• **Extracted material**:
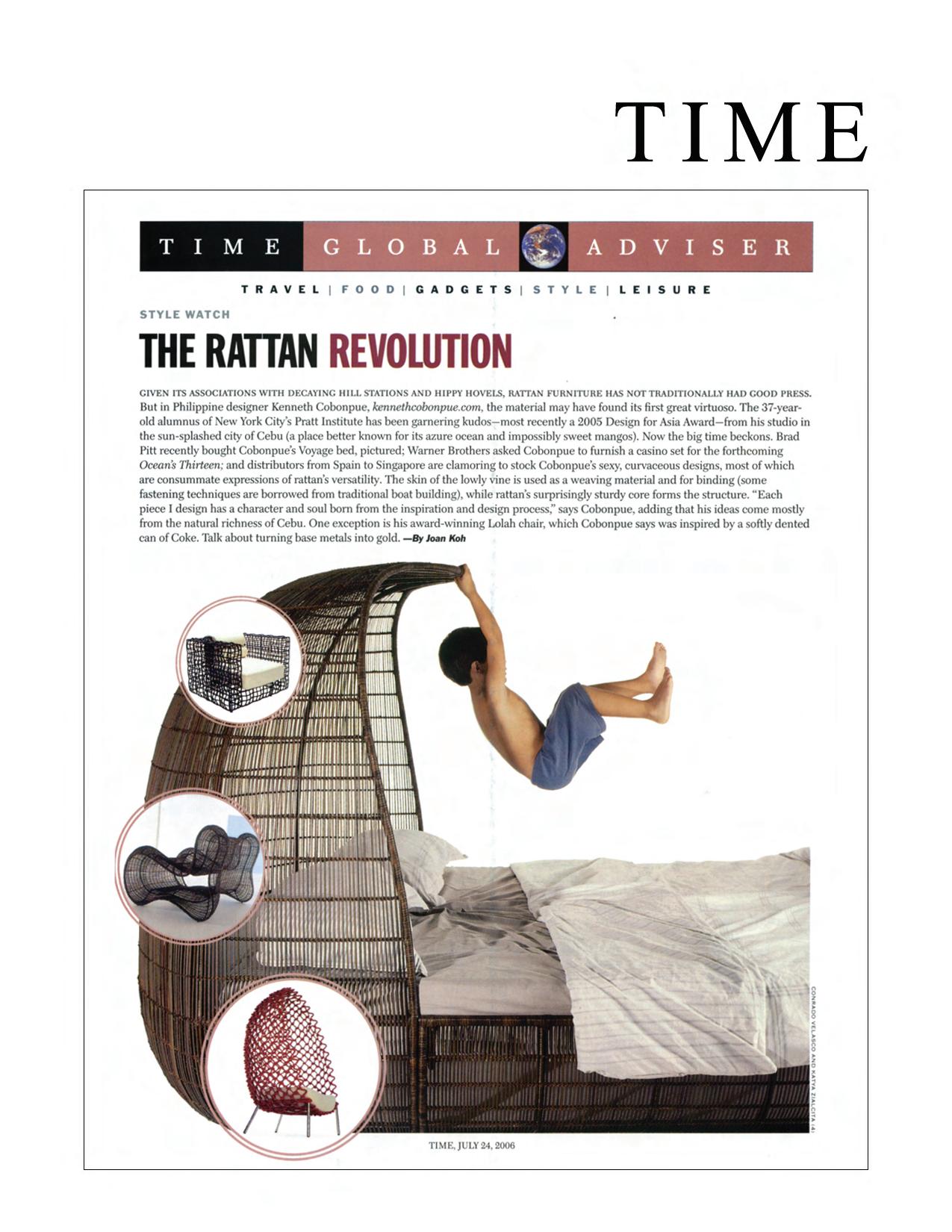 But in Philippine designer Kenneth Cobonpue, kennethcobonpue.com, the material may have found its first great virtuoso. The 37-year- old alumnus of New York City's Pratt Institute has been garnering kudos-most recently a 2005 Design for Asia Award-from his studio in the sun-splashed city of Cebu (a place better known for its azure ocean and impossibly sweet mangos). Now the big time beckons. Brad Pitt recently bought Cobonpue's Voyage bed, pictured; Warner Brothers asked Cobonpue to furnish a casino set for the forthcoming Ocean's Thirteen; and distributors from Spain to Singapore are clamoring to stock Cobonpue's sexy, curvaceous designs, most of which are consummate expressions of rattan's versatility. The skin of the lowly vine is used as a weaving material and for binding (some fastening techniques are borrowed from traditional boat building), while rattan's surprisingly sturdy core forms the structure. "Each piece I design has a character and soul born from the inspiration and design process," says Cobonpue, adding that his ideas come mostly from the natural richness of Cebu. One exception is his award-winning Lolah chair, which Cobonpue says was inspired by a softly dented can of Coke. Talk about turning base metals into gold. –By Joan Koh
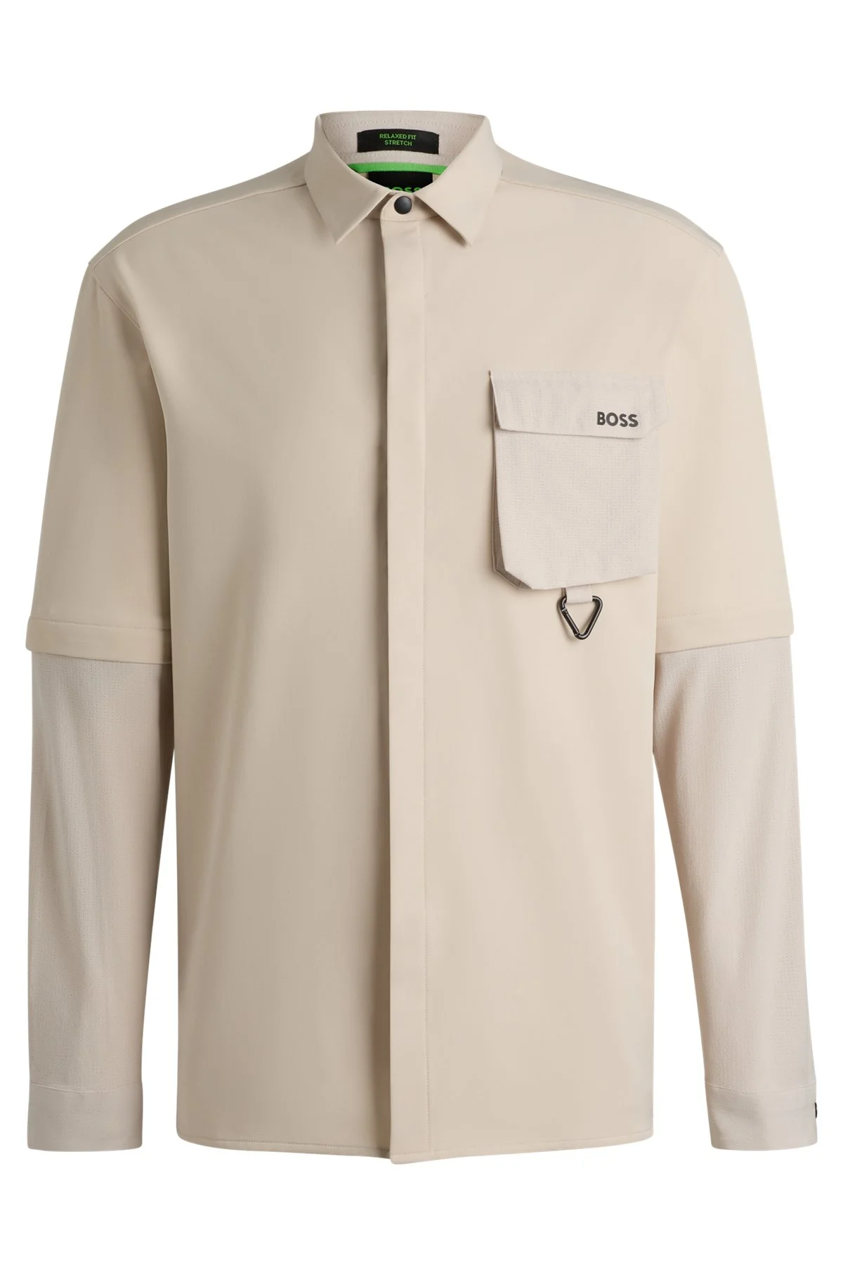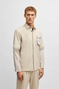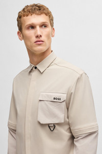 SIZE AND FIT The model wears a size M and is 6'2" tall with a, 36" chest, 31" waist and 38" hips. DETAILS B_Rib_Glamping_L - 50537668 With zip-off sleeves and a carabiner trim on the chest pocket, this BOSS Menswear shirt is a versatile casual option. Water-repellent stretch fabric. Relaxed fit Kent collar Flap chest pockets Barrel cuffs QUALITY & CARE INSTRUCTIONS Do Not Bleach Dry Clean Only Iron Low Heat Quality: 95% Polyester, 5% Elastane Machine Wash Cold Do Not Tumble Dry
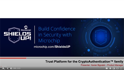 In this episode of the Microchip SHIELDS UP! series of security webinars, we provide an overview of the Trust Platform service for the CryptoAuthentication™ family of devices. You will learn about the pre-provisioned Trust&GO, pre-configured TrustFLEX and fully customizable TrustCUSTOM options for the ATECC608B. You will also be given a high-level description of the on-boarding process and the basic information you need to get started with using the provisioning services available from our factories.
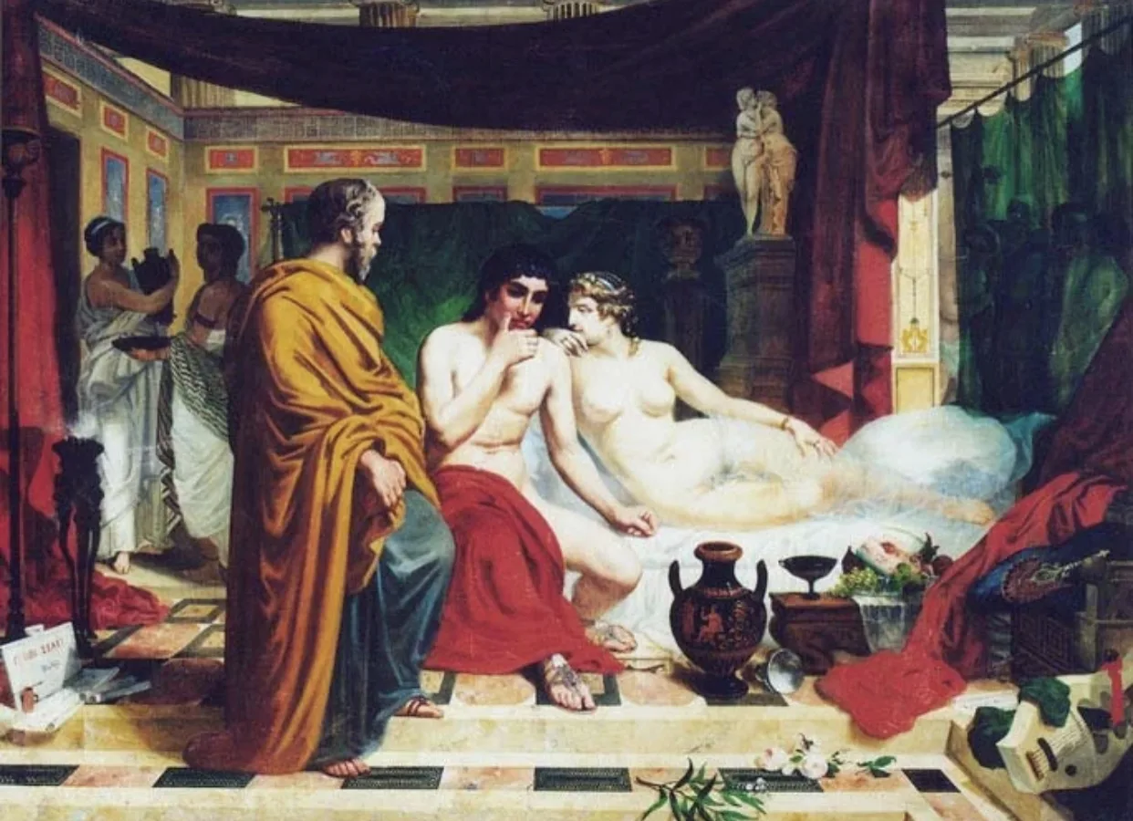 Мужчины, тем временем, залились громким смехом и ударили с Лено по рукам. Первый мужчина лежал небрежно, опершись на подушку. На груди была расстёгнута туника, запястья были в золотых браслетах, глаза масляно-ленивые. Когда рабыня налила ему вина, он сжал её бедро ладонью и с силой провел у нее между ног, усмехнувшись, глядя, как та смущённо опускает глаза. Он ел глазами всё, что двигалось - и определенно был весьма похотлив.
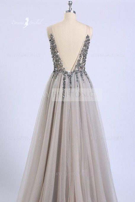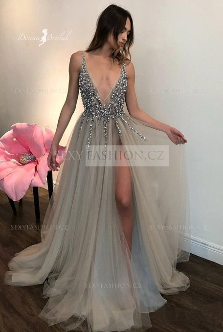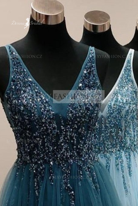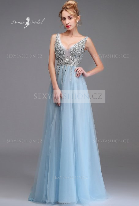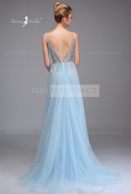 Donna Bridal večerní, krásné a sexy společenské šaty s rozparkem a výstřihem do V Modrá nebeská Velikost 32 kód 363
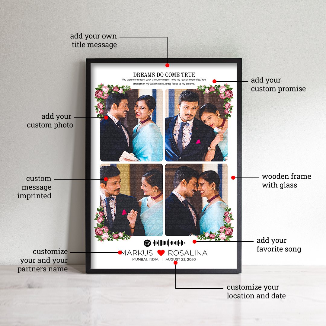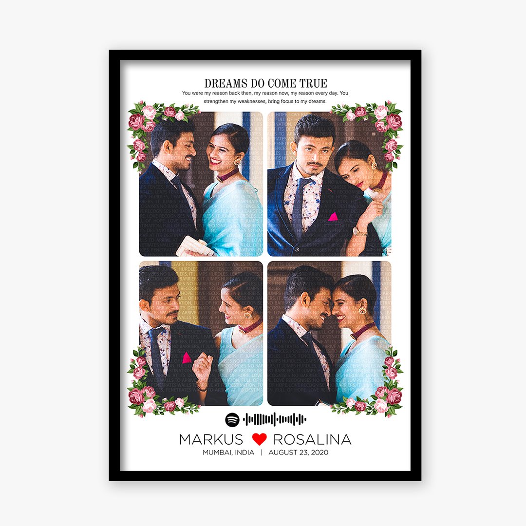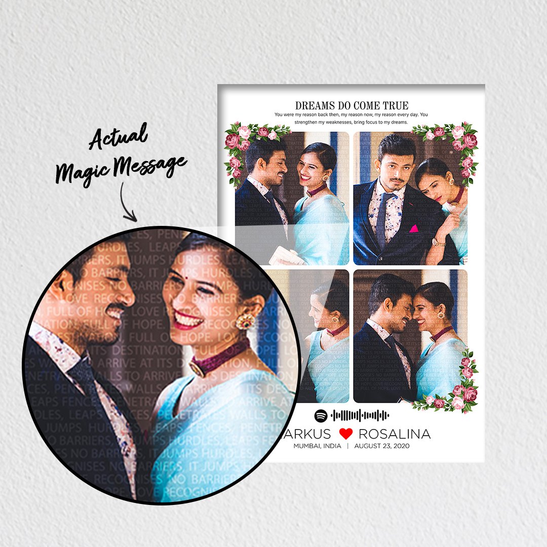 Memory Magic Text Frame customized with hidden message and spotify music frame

• **What you need to do**:
Once the line containing "In this episode" is found in the records above, it and every line after it up to the last must be repeated exactly, without pictures.

• **Written response**:
 In this episode of the Microchip SHIELDS UP! series of security webinars, we provide an overview of the Trust Platform service for the CryptoAuthentication™ family of devices. You will learn about the pre-provisioned Trust&GO, pre-configured TrustFLEX and fully customizable TrustCUSTOM options for the ATECC608B. You will also be given a high-level description of the on-boarding process and the basic information you need to get started with using the provisioning services available from our factories.
 Мужчины, тем временем, залились громким смехом и ударили с Лено по рукам. Первый мужчина лежал небрежно, опершись на подушку. На груди была расстёгнута туника, запястья были в золотых браслетах, глаза масляно-ленивые. Когда рабыня налила ему вина, он сжал её бедро ладонью и с силой провел у нее между ног, усмехнувшись, глядя, как та смущённо опускает глаза. Он ел глазами всё, что двигалось - и определенно был весьма похотлив.
 Donna Bridal večerní, krásné a sexy společenské šaty s rozparkem a výstřihem do V Modrá nebeská Velikost 32 kód 363
 Memory Magic Text Frame customized with hidden message and spotify music frame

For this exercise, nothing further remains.